After finally working my speed up to a good (for me) pace, I checked my heart rate and settled in at about 163 BPM. I've realized that the best way for me to pace my races is probably by heart rate. I know it's variable, but the last time I tried to run by pace at a 10k, I really blew up. I'll keep experimenting with race strategies, but I was confident that a heart-rate based pace would help me do my best for the River Run. I really wanted to redeem my performance at the Easter Sun Run, at which I was not very happy with my performance.

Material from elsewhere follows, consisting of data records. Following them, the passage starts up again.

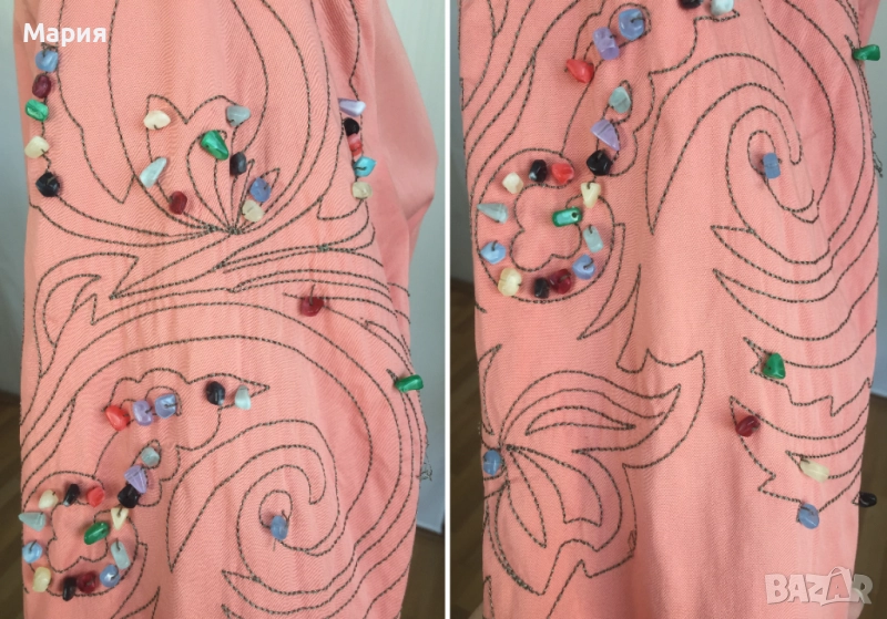 Декорирано е с мъниста, които имитират естествени камъни.
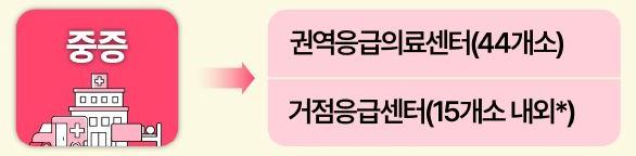 - 중증 환자: 권역응급의료센터(44개소) 또는 거점응급의료센터(15개소)
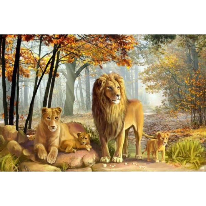 Create your own shimmering DIY wall art, one "diamond" at a time! This gorgeous full drill Diamond Painting Kit is entitled "Happy Lion Family" and includes everything you need to get started!

Keeping my heart rate in the 160s, I tried to find someone off of whom I could mentally draft. You know, let them set the pace and just kind of dove-tail. I ran with a few people for a little bit; one of them seemed almost perfect. She was running just the right pace, and I think I stayed with her for about a 1/2 mile. Then her pace got a little quicker, and my heart rate got a little higher, and I decided that it was harder than I wanted to work before the half-way point. So I let her go, and felt pretty good about it. I hit the half-way point in 25:59.
After the 3-mile mark, I let my heart rate start moving up to 165-168; at 4 miles (34:33), I let it creep up to 170; at 5 miles (42:58), I just opened it up. And right about that time, I came upon the woman who'd out-paced me previously. Apparently she had run a little harder than she could sustain, too. I locked into step with her. We ran right through the water station (I'd made a point of hydrating for two days prior to the race so I wouldn't need to slow down), and I thought I'd lost her in the crowd. Then I spied her a couple yards ahead and most of the way across the road. I reeled her in, then settled down to stay with her until just before the finish.

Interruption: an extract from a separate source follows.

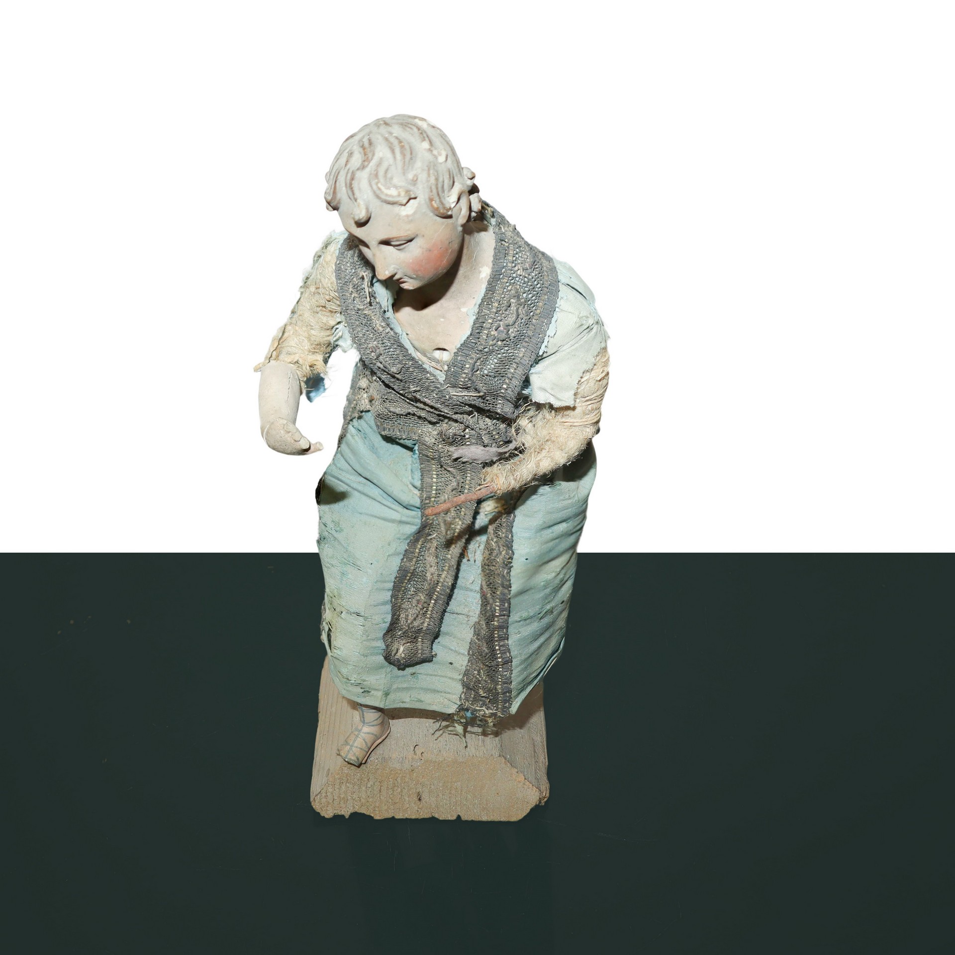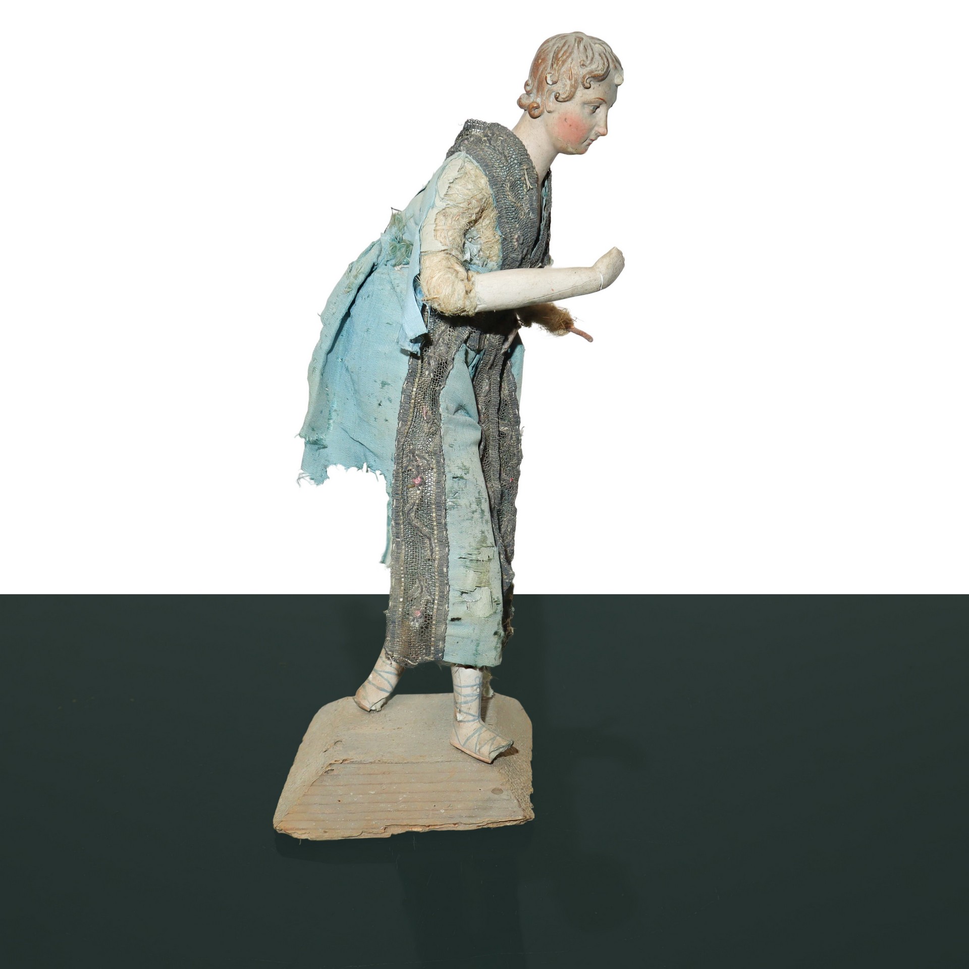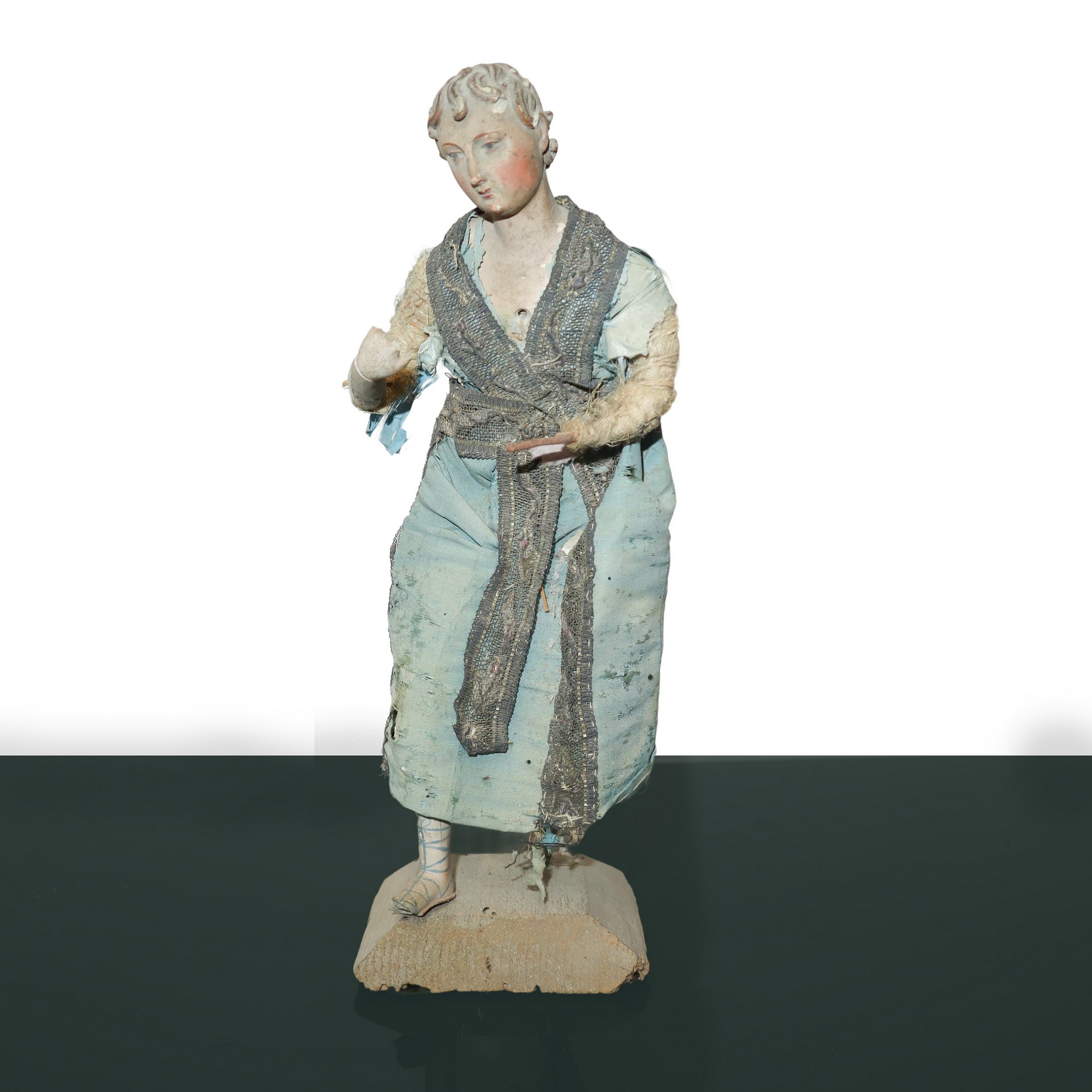 N°3 Statue di pastori genovesi con busto mani e piedi in terracotta, occhi dipini e abiti in tessuto e crine , 19° secolo

We played a little bit, testing each other's strength and speed. She'd try to surge; I'd try to surge. Coming around the last corner, with just about 400 m to go, I picked up my pace significantly, hoping to drop her before I had to out-sprint her. No dice. She responded, and stayed right with me. It was less than 100 m to the line before I really opened up the sprint, and felt her slowly dropping back. I crossed the line with her maybe two seconds behind, and stopped my watch at 52:37, a new PR.
|Me and my running buddy in lockstep. This is right where I started to drop her.|
I had the most vicious side stitch, and my running buddy was bent over like she was going to hurl. I gave her a hug and thanked her for pushing me to my limits. She expressed the same sentiment. My Photographer found me, and we went over together to watch my dad finish. He came across in under an hour--a new PR for him, too! After we collected him, lo and behold! there were my mom and younger brother! They had woken up early (a true sacrifice for my mom) to come see us race! It was very special to me. Thanks to Stephen for helping my mom wake up!
|My parents and me.|
This was a great race. It was fun and well-organized. Genesis Health Clubs, the gyms at which I work, are one of the main sponsors for the race, so there were plenty of familiar faces on the race course and in the crowd. I ran in to Jerome Biggars, who's lost almost 300 lbs and had run his first 10k that day. I saw buddies from the cycling scene, and from the tri scene. I ran past people I've taught to swim and coached to their first 70.3s. I even ran into a couple who come to my 8:00 Arthritis water aerobics class, whose son was running the 10k.
And my whole family was there, which just can't be beat. Reflecting on it now (two weeks later), I realize that it was one of the best races I've had--fun, friendly, and with a new PR to boot.